Even though the optimal threshold limit was identified at 0.6 we cannot go ahead with this cut off point as it was only able to reach the accuracy and sensitivity of 82%. When it comes to cardiac arrest there is minimal chance of error. Hence factors like accuracy, sensitivity and FNR plays atmost importance.
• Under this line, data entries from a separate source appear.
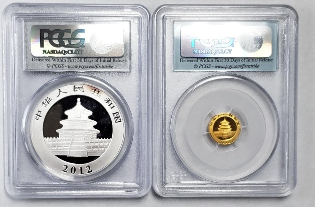 PCGS MS69’s FIRST STIKES – 20 YN GOLD PANDA & 10 YN SILVER PANDA in WOOD DISPLAY BOX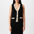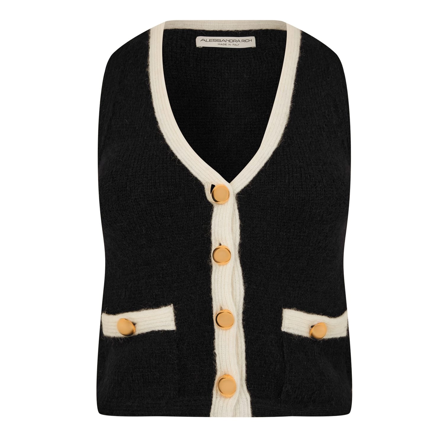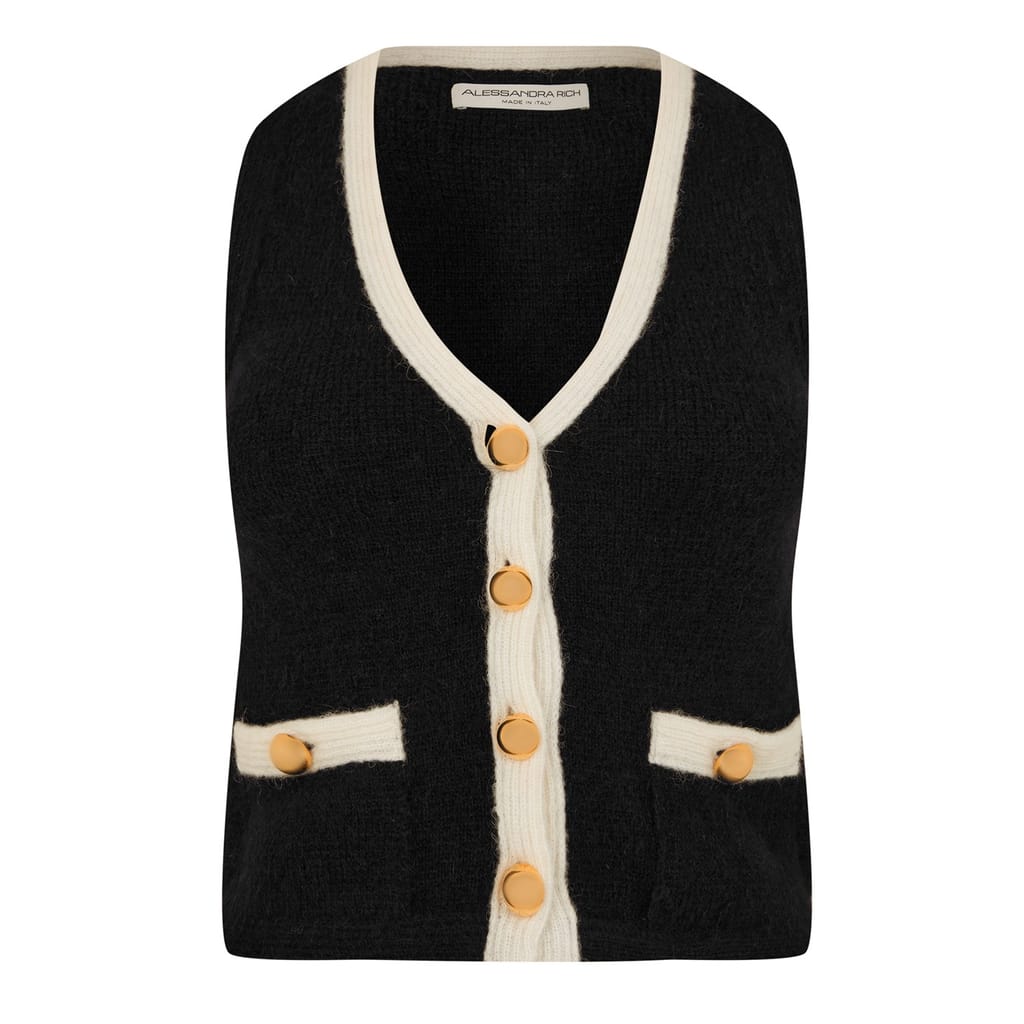 Step into sophistication with Alessandra Rich's Vest, where every detail speaks volumes about your style. The fine knit and contrasting colour trims adorned with gleaming gold-tone buttons elevate your look with effortless luxury. Whether it's a business meeting or a stylish evening event, this vest adds a touch of refinement that sets you apart.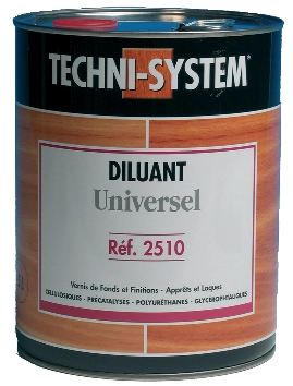 – Diluant Universel 2510 : pour vernis de fond et de finitions, apprêts et laques cellulosiques, précatalysés ou polyuréthanes.

Keeping all this factors in mind, the cut off limit is set at 0.5 at which the model is able to produce the following scores. (Best results)

In [None]:
measures.loc[measures['Probability']== 0.5]

## Task 5: Prediction and Evaluation on Test data
- ### Subtask 5.1: Prediction 

In [None]:
df_test[var] = scaler.transform(df_test[var])
df_test.describe()

In [None]:
# Assigning X and Y
Y_test = df_test.pop('target')
X_test = df_test

In [None]:
# Matching the test data with Log_model_6 columns
cols = X_6.columns
X_test = X_test[cols]

In [None]:
# Prediction on test data
X_test_sm = sm.add_constant(X_test)
Y_test_pred = log_model_6.predict(X_test_sm)

In [None]:
test = pd.DataFrame()
test['Actual'] = Y_test.values
test['Pred'] = Y_test_pred.values
test['Final'] = test['Pred'].map(lambda x: 1 if x >= 0.5 else 0)
test.head()

- ### Subtask 5.2: Evaluation

In [None]:
con = metrics.confusion_matrix(test['Actual'], test['Final'])
con

In [None]:
sensitivity = con[1,1]/(con[1,1]+con[1,0])
specificity = con[0,0]/(con[0,0]+con[0,1])
FNR = con[1,0]/(con[1,0]+con[1,1])

In [None]:
print({'Accuracy': round(metrics.accuracy_score(test['Actual'], test['Final']),2)})
print({'Sensitivity': round(sensitivity, 2)})
print({'Specificity': round(specificity, 2)})
print({'FNR': round(FNR, 2)})

##### Explanation
The model is also performing well on the Test data. This ensures stability of the model.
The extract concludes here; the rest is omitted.